Как много эта новая волна либертарианства позаимствовала из идей Рэнд? В 1970 опрос, опубликованный в издаваемом «Молодыми американцами» журнале New Guard, показал, что 10 процентов участников организации являются самопровозглашенными «объективистами». Вполне вероятно, впрочем, что Рэнд оказала влияние на большее количество людей, нежели только те, кто открыто заявлял о себе как об официальных последователях ее философии. Сама она, однако, не испытывала особой признательности по отношению к своим новым поклонникам. Во время своих ежегодных публичных выступлений она называла либертарианцев «отбросами», «интеллектуальными инвалидами» и «плагиаторами». Поскольку Рэнд считала философию объективизма своей личной собственностью, она рассматривала как воровство использование либертарианскими силами ее идей. То, в чем другие могли увидеть дань уважения или признание ее работы, Рэнд считала попытками нажиться на ее имени или плагиатом. «Если эти хиппи надеются сделать из меня своего Маркузе, у них ничего не выйдет», – мрачно писала она. Ее комментарий был недалек от истины, поскольку работы Рэнд были для членов либертарианского движения чем-то вроде базового курса подготовки. Их могли подвергать сомнению, толковать по-своему, переосмысливать – но никогда не игнорировали. Нравилось ей это или нет, либертарианцы всегда считали Рэнд жизненно важной частью их интеллектуального наследия.
Источник привлекательности Рэнд для нового либертарианского движения был многоаспектным. На самом базовом уровне ее идеи и придуманные ею герои выполняли роль прекрасного «краткого содержания» концепции, а также способа скрепить связи между единомышленниками. Вне зависимости от их текущих политических пристрастий, чтение Рэнд было чем-то вроде «обряда посвящения» для либертарианцев всех мастей, будь то объективисты, анархисты, монархисты или кто-либо еще. Обмениваясь штуками о Джоне Еолте, с теплотой вспоминая чье-то первое столкновение с «Атлантом» и применяя в повседневных разговорах позаимствованные у Рэнд специальные термины – такие, например, как «секонд-хендер» или «украденная концепция» – люди проникались чувством групповой сплоченности. Это ощущение единства было особенно важным для движения, которое провозглашало индивидуализм своей основной ценностью и побаивалось конформизма. Как гласила шутка: «Если вы закроете в одной комнате полдюжины либертарианцев, то в конечном итоге там будет четыре фракции, два заговора, три информационных бюллетеня, две группы отколовшихся и четыре сложения полномочий». Рэнд помогла либертарианцам создать сплоченную субкультуру, не жертвуя при этом автономностью или независимостью каждого из ее членов.

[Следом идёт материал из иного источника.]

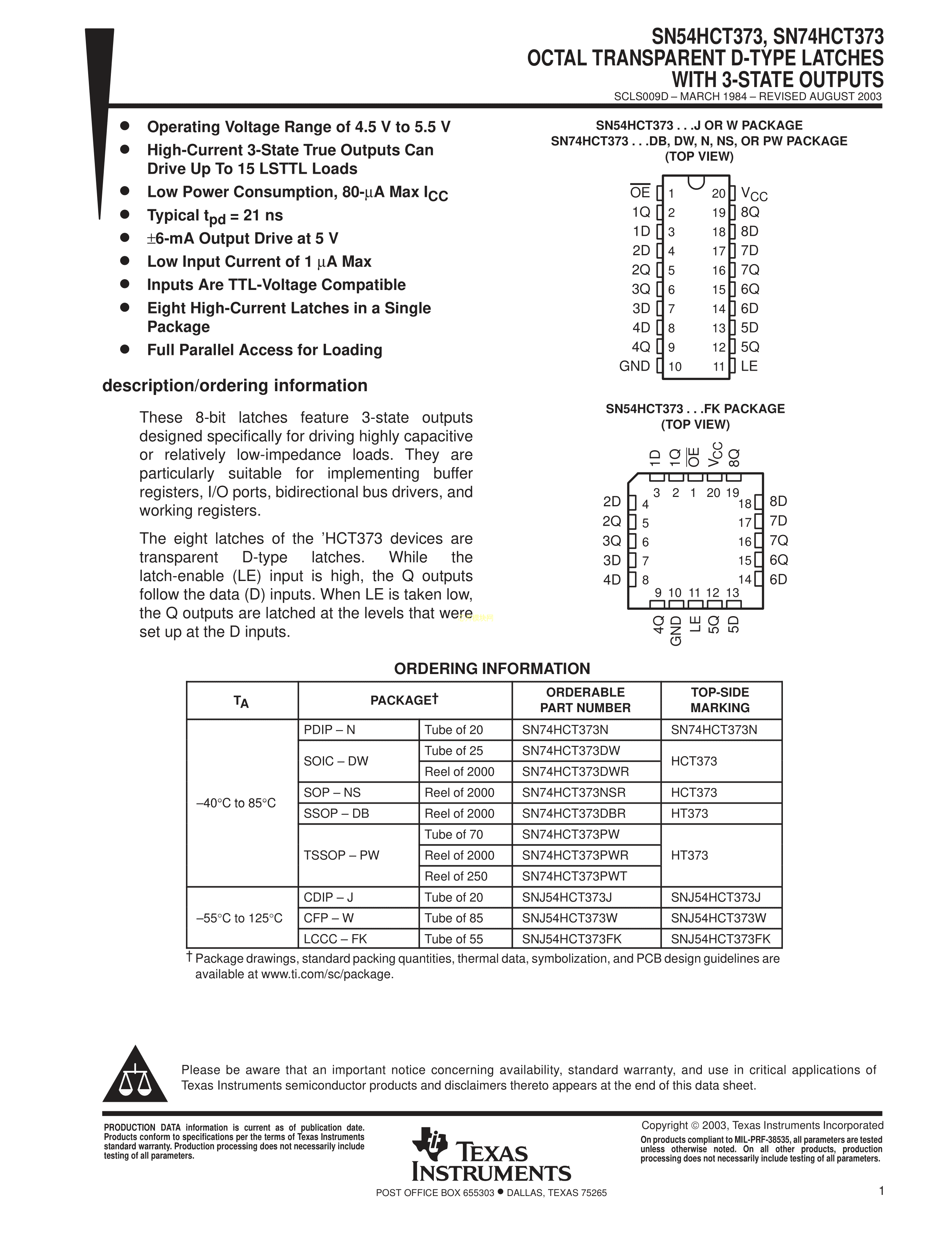 SN74HCT373N数据手册DIP-20封装TI(德州仪器)PDF规格书,中英文下载
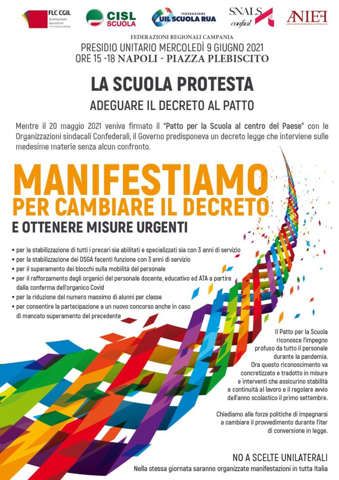 La protesta è annunciata per il 9 giugno. Anief insieme a tutti i sindacati principali della scuola da Cgil, Cisl, Uil, a Snals scenderanno a Napoli in piazza del Plebiscito alle ore 15 alle 18 chiedendo al governo di modificare le misure contenute nel DL Sostegni bis. Questa manifestazione è l’eco campano alla manifestazione nazionale indetta dalle stesse OOSS nello stesso giorno e ora a Roma davanti a Montecitorio.

Ее подчеркнутое внимание к капитализму также помогло либертарианцам остаться непохожими на «новых левых». Для людей со стороны пересечение либертарианства с контркультурой являлось наиболее заметной чертой движения, но внимательные наблюдатели понимали, что сходства между либертарианцами и левыми имеют только внешний, косметический характер. Автор из мужского журнала Swank как-то раз забрел в кофейню в Гринвич-Виллидж, в которой официанты разносили петицию, призывающую выдвинуть кандидатуру Айн Рэнд в президенты. Среди посетителей он увидел не битников, а «баксников», представителей разочарованной молодежи, которые «ненавидели все, что было связано с нашим обществом… но верили в свободное предпринимательство на индивидуальном уровне и были готовы делать карьеру в бизнесе с рвением, которое сделало бы честь любому из героев Горацио Элджера
[12]
». Объективисты действительно были склонны с смелым экспериментам в своей одежде, но этот их маленький бунт всегда стоял на службе у капитализма. Некоторые из студенток ИНБ любили одеваться как Рэнд, нося броши в виде знака доллара и волнистые накидки, а также куря сигареты через длинные мундштуки. На одной из либертарианских конференций появился «рэндианский супергерой», одетый в черный стрей-чевый костюм и золотую тунику, с непропорционально огромным золотым знаком доллара на груди, и с талией, перетянутой безвкусным золотым поясом. Среди последователей Рэнд были даже бородатые и расшитые бисером хиппи, любившие логику ничуть не меньше, чем ЛСД. Однако, какими бы длинными ни были их волосы и какими бы причудливыми ни были их наряды, очень немногие либертарианцы были заинтересованы в прочном союзе с «новыми левыми».